Concerning about Author
In regards to the Author, Joe Hill is the author of the
critically acclaimed short story collections Full Throttle and twentieth
Century Ghosts, as well as the novels The Fireman, NOS4A2, Horns, and
Heart-Shaped Box, as well as the novella collection Strange Weather. He's also
the Eisner Award-winning essayist behind the seven-volume Locke and Key comic
book series. NOS4A2 (AMC), Locke and Key (Netflix), and In the Tall Grass
(Netflix) are just a few of his books that have been adapted for film and
television (Netflix).
Acclaim For…
"[A] enthusiastically decipherable extraordinary
thriller...Hill turns a story that is both dismally entertaining and genuinely
resounding. The clarifications for Ig's strange struggles will not fulfill each
peruser, yet hardly any will question that Hill has arranged the sophomore
droop."
Distributers Weekly
"Horn is a well-created story with scholarly legitimacy.

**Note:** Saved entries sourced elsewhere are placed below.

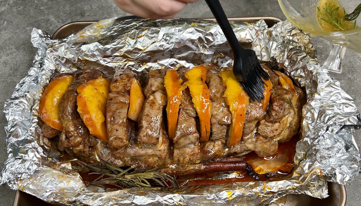 6. Дістаємо м’ясо з духовки, прибираємо зверху розмарин, рясно змащуємо глазур’ю і повертаємо в духовку ще на 10-15 хвилин до утворення рум’яної скоринки.
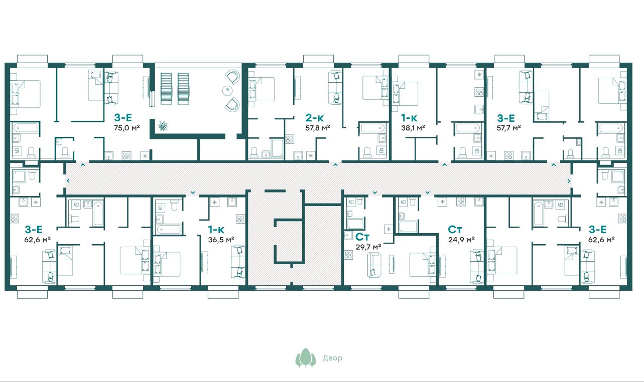- Квартиры с террасами на последних этажах;
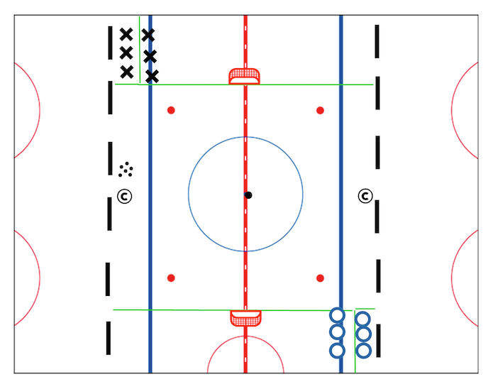 3vs3 Blast Off is a great game to get players sprinting up the ice. Encourage players to attack the net with speed and go for rebounds.

We are not only involved but also tested in our ability to think "- The New York Review of Books.
"On the strength of two masterful thrill rides, 2007's
Heart Shaped-Box and his most recent Horns-Hill have established himself as one
of America's top horror journalists."
The magazine Time
"Joe Hill should gain a lot more admirers thanks to
HORNS... he has his style, and it's completely available just as quickly.

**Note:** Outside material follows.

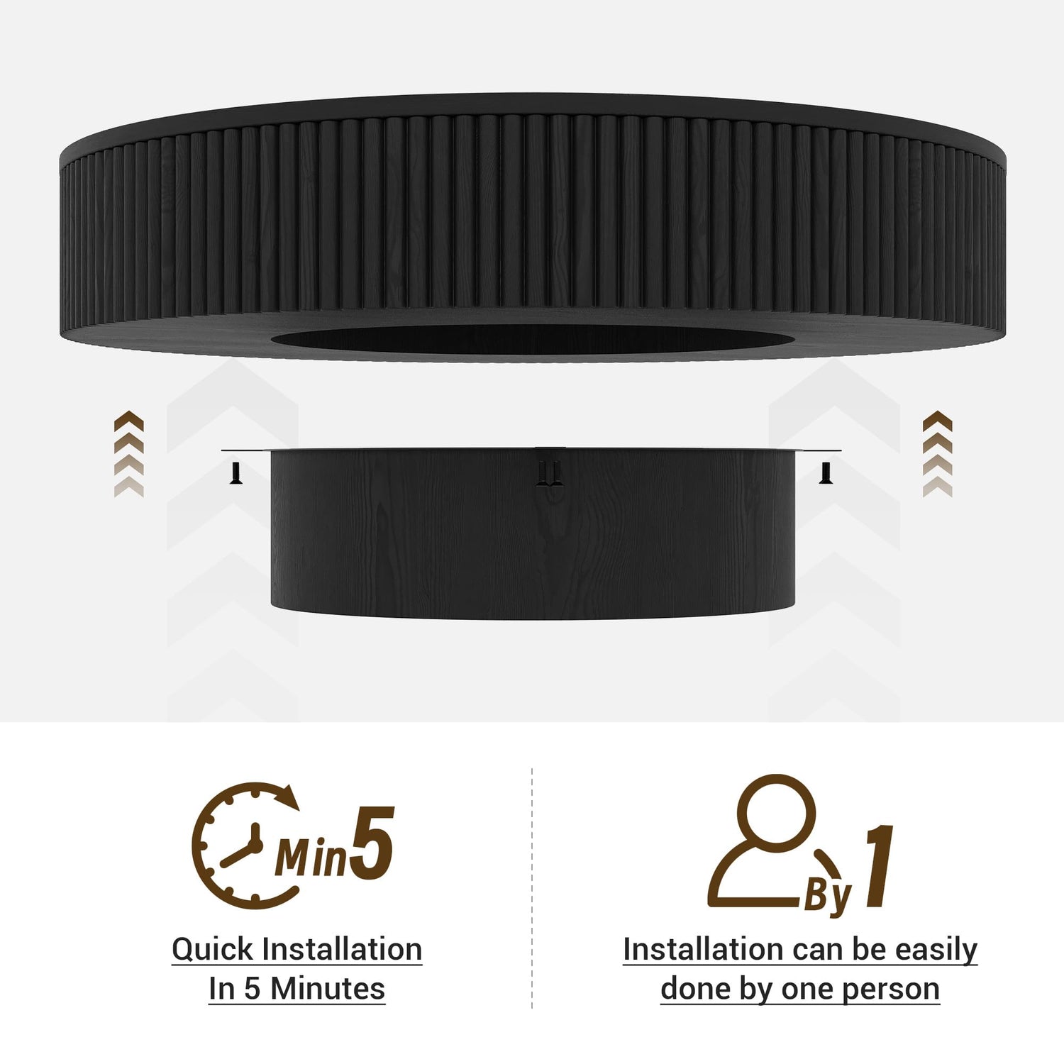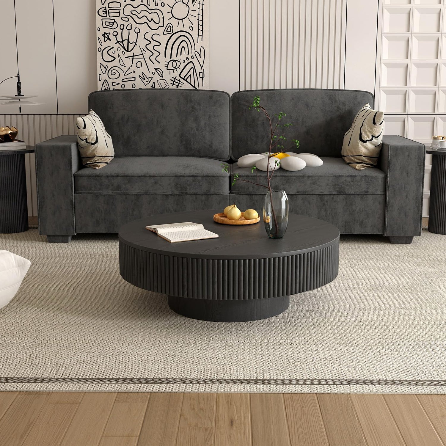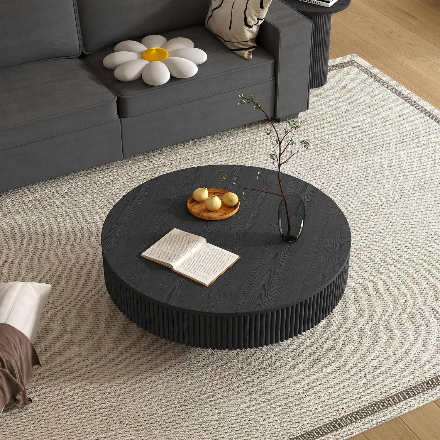 Apicizon 31.5'' Black Round Fluted Coffee Table for Living Room, Mordern Wood Coffee Table, Drum Coffee Table for Small Space, Center Accent Table, Mid-Century End Table for Apartment

. HORNS is a speedy, entrancing homicide secret/romantic
tale with a hint of Satan himself to flavor things up."
DreadCentral.com [horror amusement audit website]

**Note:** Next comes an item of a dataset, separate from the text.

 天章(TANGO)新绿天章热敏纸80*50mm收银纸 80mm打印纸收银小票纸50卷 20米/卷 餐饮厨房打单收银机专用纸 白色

"[Horns is] naughtily great. . . . Slope is a marvelous
essayist with an incredibly creative mind. He has an extraordinary ability for
taking us and his characters to extremely unusual spots."
USA Today
"Slope's overview of the subject of enduring is a wild
ride, as loaded up with thrills as his legend's head-first dive down to a dull
and astonishing waterway."
Seattle Times
"The insightful folks bring up that the writing of
loathsomeness dream will, in general, be both heartfelt and moderate. Business
as usual is admired thus valuable that its infringement is the quintessential
frightfulness. We get there because to Joe Hill's beautiful, fanged
demonology."
Oregonian
"Horns is completely agreeable and regularly unique.… a
luxuriously nuanced story. Hell and damnation have seldom looked this benefit.
"
The Times of Los Angeles
"A nasty, expertly constructed story that puts Hill on
par with Neil Gaiman, Jonathan Lethem, and Stephen King."
Pittsburgh Tribune
"Horns is a pitchfork-pressing, extravagant child's interpretation of religion… But the real meat of the story takes apart man's relationship with great and evil without forfeiting a touch of tension… Horn is a hypnotizing exciting read."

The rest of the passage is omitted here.